Hopefully will look purity in a compute shader but for now must see if it technique feasible in .net app. Anyways if any more color insights that be appreciated. Thanks! :-)
If you have a function that maps frequency to RGB components, you can map an entire spectrum to RGB by integrating it. So if you have a few discrete lines in the spectrum, treat them as delta functions and the integral becomes the sum of their contributions. Notice that you may also have a continuous spectrum, like sunlight, in which case the integral is not exactly a finite sum (although it can still be approximated that way).

This makes me wonder: Would this give a principled way to convert from (something like, but not) HSV to RGB? Treat the color as a Gaussian distribution in the spectrum; hue is mean, saturation is variance, and brightness is the probability mass... Is this reasonable? Is anybody aware of a color model that works at all like this?

(EDIT: Actually, this may be a silly question; I'm checking out the CIE color model now; it's been a while since I've looked at it...)

(EDIT 2: Those conversions are all ugly and piecewise like I remember, which makes me actually wonder about this "simple" Gaussian idea... I shall play with this and see how well it matches what I normally think of as "hue," etc...)

(EDIT 3: But then how can you get violet if, as you shift the mean to the left, you only activate blue receptors? This doesn't give the desired cyclic property... unless (:-)): The retina is a discrete-time system, and high frequencies get aliased down to low frequencies; this would give the desired cyclic behavior. Holy shit; is this how it works?!)

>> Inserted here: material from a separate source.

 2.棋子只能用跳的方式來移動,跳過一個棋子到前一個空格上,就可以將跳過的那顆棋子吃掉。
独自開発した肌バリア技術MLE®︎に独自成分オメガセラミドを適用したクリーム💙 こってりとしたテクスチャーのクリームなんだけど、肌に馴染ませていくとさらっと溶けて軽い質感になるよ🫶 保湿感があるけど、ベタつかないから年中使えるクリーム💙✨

(EDIT4: No, that doesn't make any sense physically. It's really best explained just by that low-frequency "bump" that the red receptors happen to have...)

(EDIT5: No, that too is wrong... That bump only exists in CIE XYZ, not CIE RGB; in CIE RGB there's actually a negative bump.)

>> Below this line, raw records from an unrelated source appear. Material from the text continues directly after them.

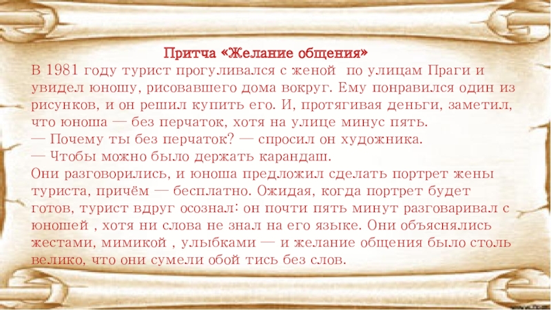 Они разговорились, и юноша предложил сделать портрет жены туриста, причём — бесплатно. Ожидая, когда портрет будет готов, турист вдруг осознал: он почти пять минут разговаривал с юношей, хотя ни слова не знал на его языке. Они объяснялись жестами, мимикой, улыбками — и желание общения было столь велико, что они сумели обойтись без слов.
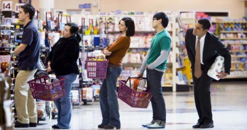 Разумеется, в это время в супермаркете много людей, ведь все они тоже идут после работы и по пути домой покупают необходимое. Поэтому на кассу вечером всегда большие очереди.
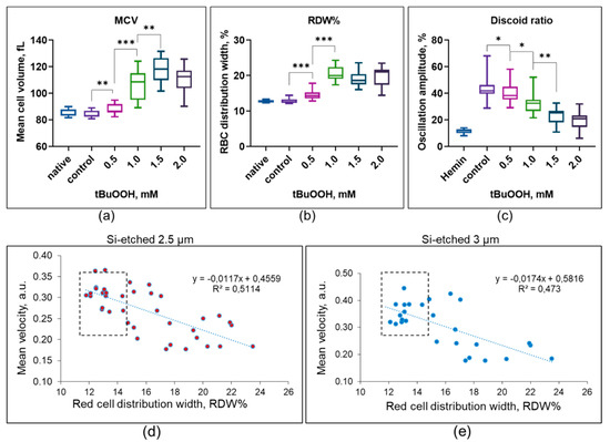 Hematological analysis of erythrocytes exposed to oxidative stress caused by tBuOOH show: (a) increase of mean cell volume; (b) increase heterogeneity of the population by volume; (c) decrease of low angle light scattering oscillations indicating increase in RBCs spherization. * p < 0.05; ** p < 0.01; *** p < 0.00; 2-tailed independent samples, t-test, n = 14 donors. (d) The relationship between the RBCs mean velocity in microchannels and the indicator of the heterogeneity of the RBC population by volume, RDW% in 2.5 µm-wide channels and (e) in 3 µm-wide channels; RDW%—hematological analyzer data; the dashed field shows the values for RDW% and mean velocity of untreated by tBuOOH cells.
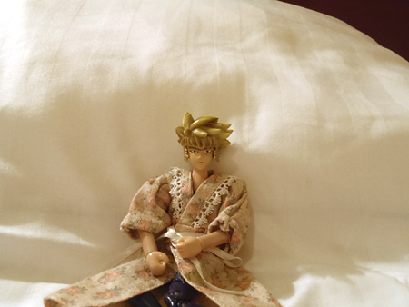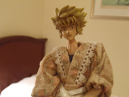 ラダマが着ているのは、昔スミさんに戴いたガウン風ネグリジェです。
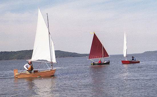 ...there was more boat swapping and swamping going on. Here Kenny Giles tries out Stan Roberts' Piccup. And in the distance you might make out the only crash I was aware of. A new sailor had capsized Mike's take apart dinghy and with no buoyancy tanks there was no getting it upright. The Elegant Punt is sailing to the rescue but could only supply moral support. Eventually a SkiffAmerica came to gather up the swamped boat and swimmer.
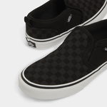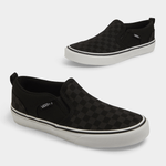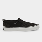 Vans Classic Slip-On that has elastic side accents and padded collars for extra comfort. It also features the Vans flag label and signature waffle outsoles for firmer grip.
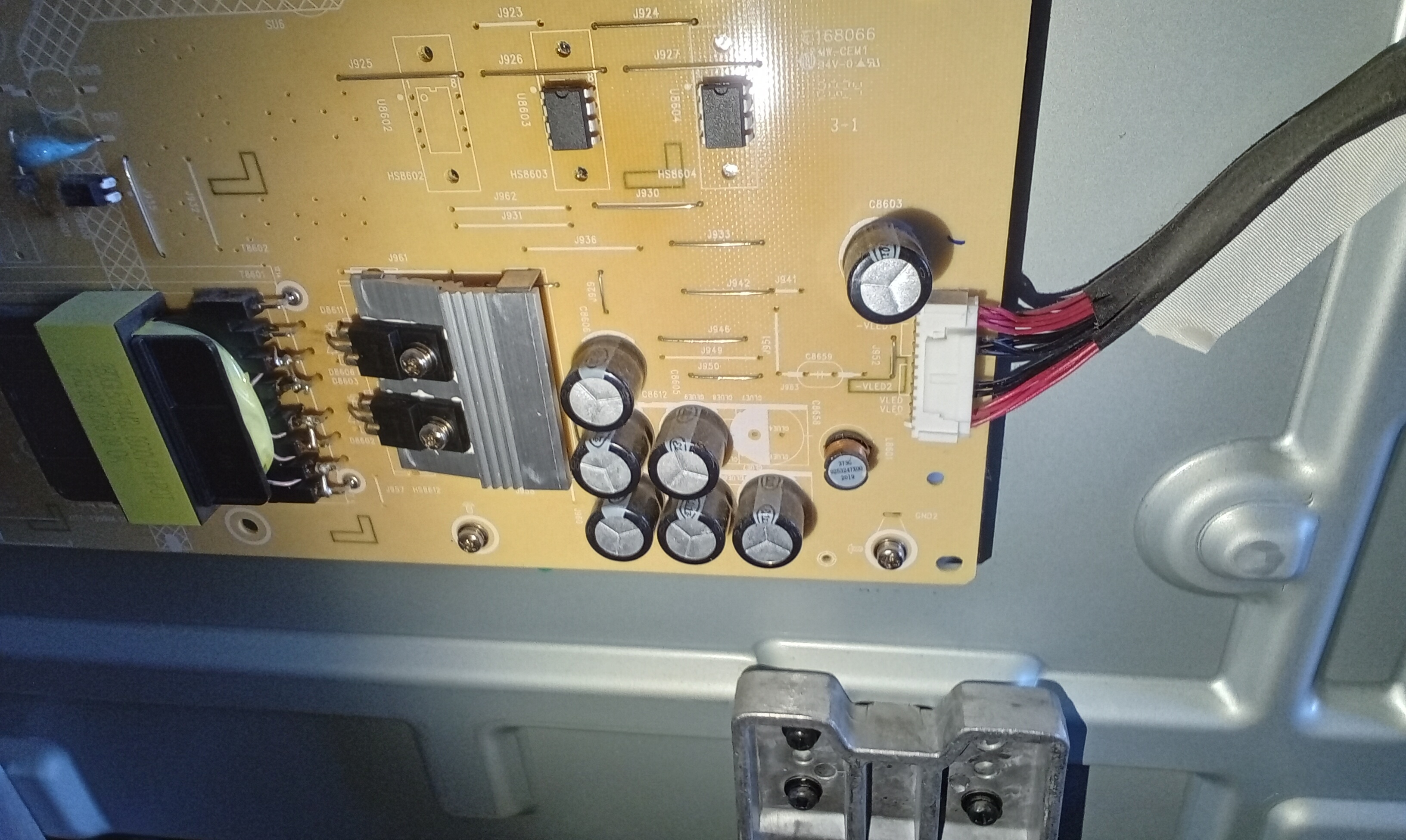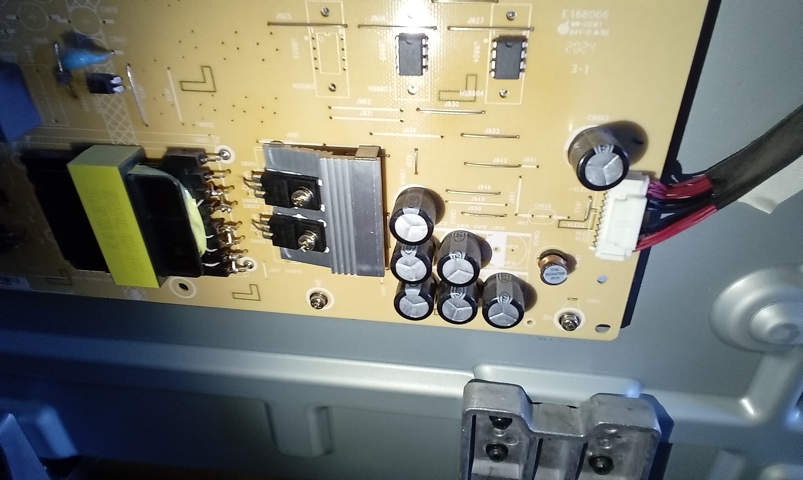 on power supply big capacitor :394v on tcon the 12v and 3,3v even on Mainboard
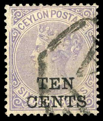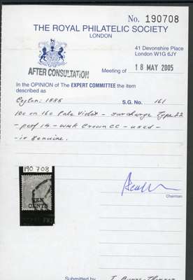 1885 10c on 16c pale violet, Wmk CC, type 22 local surcharge, used by part ‘A’ numeral, surface abrasion to upper left, otherwise fine, a collectable example of this rare stamp. RPSL Certificate (2005) SG 161 £5000
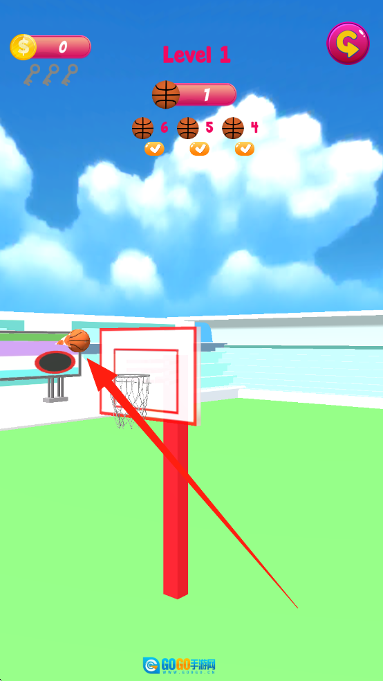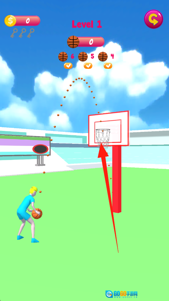 观察篮筐所处方位以及防守态势,优先挑选最理想的角度,精准把控投篮的力度与时机,高效通过关卡以获得三星评价。
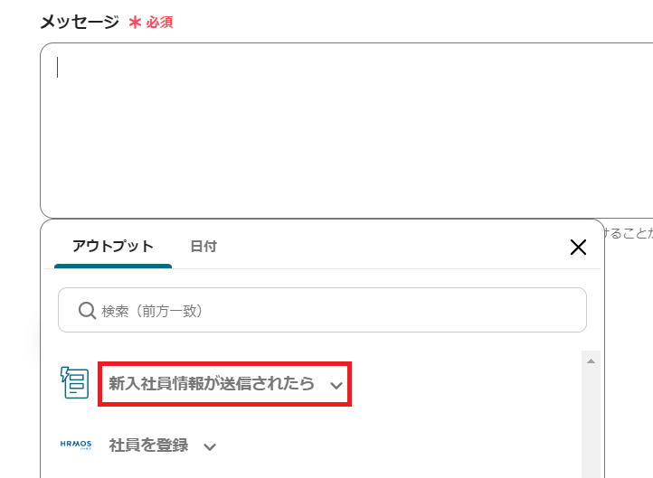 HRMOSで社員情報が登録されると、ここで選択したチャンネルにメッセージが投稿されます。関係者がいるチャンネルをチョイスしましょう。
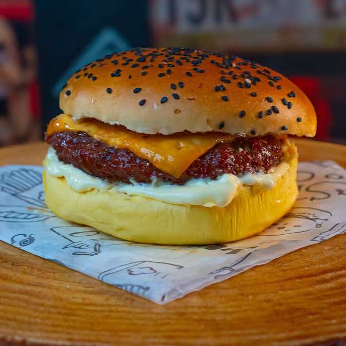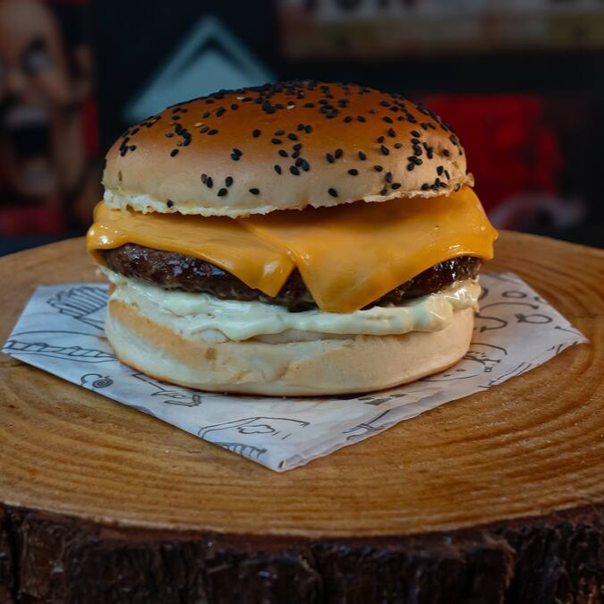 Pão com gergelim preto, maionese, hambúrguer artesanal de120 gramas e queijo cheddar.
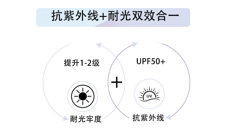 “阳光越强,褪色越快?”——纺织品的隐形杀手正在吞噬你的价值! 无论是孩童奔跑时跃动的衣角、运动员汗湿的防晒衣,还是户外遮阳伞下斑驳褪色的布料,紫外线(UV)的侵蚀不仅威胁人体健康,更让纺织品在光照下加速老化、褪色,甚至断裂。以“防晒+抗光解”双核科技,为织物披上持久“防护铠甲”,让色彩鲜活如初,让功能历久弥新!

[Edited by - Emergent on October 14, 2009 1:52:21 PM]
I suggest taking a look at CIE Luv. The conversion to/from RGB is cheaper than HSV/HSL and LAB.
Quote:Original post by patw
I suggest taking a look at CIE Luv. The conversion to/from RGB is cheaper than HSV/HSL and LAB.


Thanks.

I do find all this CIE stuff confusing. Human perception is messy.

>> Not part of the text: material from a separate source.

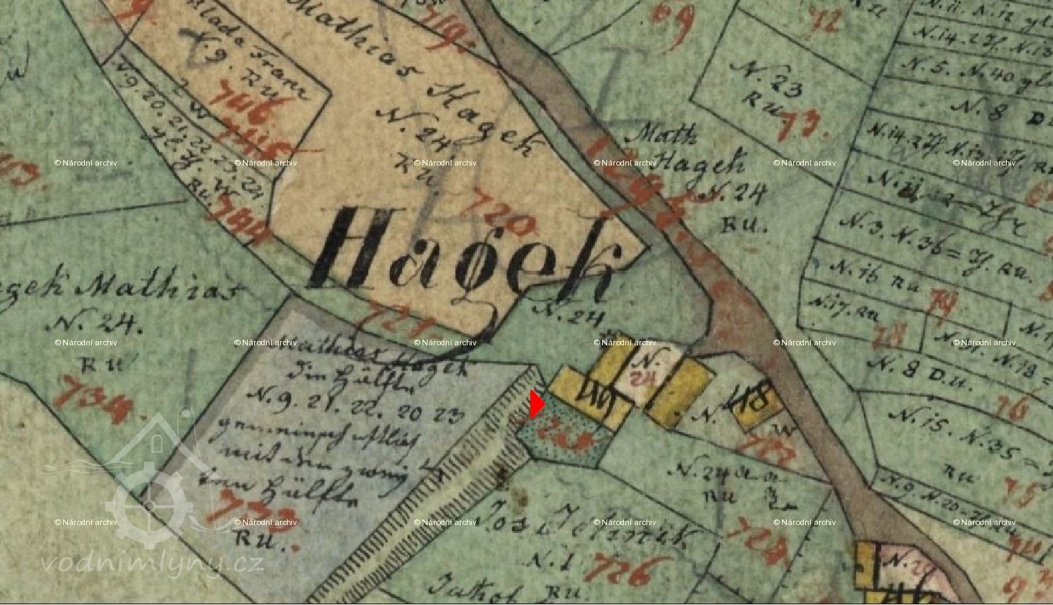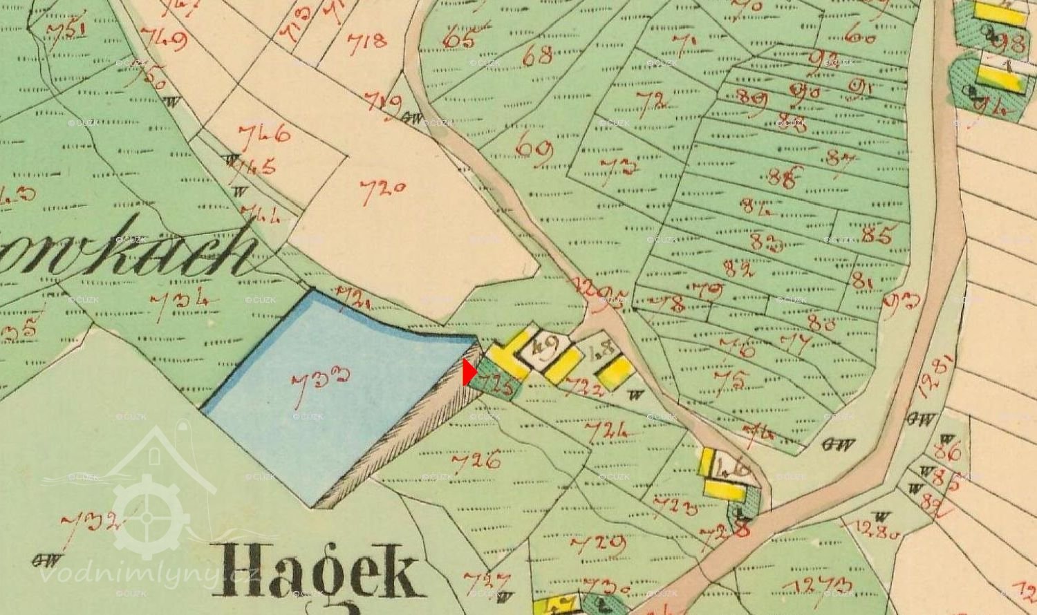 Popis1930: 1 kolo na svrchní vodu, hltnost 0,084 m3/s, spád 4,15 m, výkon 3 HP

What would make much more sense to me is a description in terms of power spectral density functions and absorption spectra of S,M, and L cones. Then "true" color is a point in a Hilbert space; we only perceive this point's projection onto the 3d subspace spanned by the S,M, and L responses. Then a trichromatic light source can output any point in the Hilbert space spanned by the power spectral density functions of its red, green, and blue light sources, which is a different 3d subspace of the Hilbert space. Presumably these two subspaces intersect only in a 2d subspace, which is itself interesting. But in any event, if you want to produce a given S,M,L color, you just need to find the point on the subspace spanned by the R,G,B power spectra which projects to the correct S,M,L point -- which is a simple geometry problem... And it's all linear... which means that the fact that humans apparently find this nonlinear "hue" function important bothers me...
oh right INTEGRATION! :-)

Now need to dust off my rusty calculas :-) time to plot out the function and solve by paper. Thanks!!!!!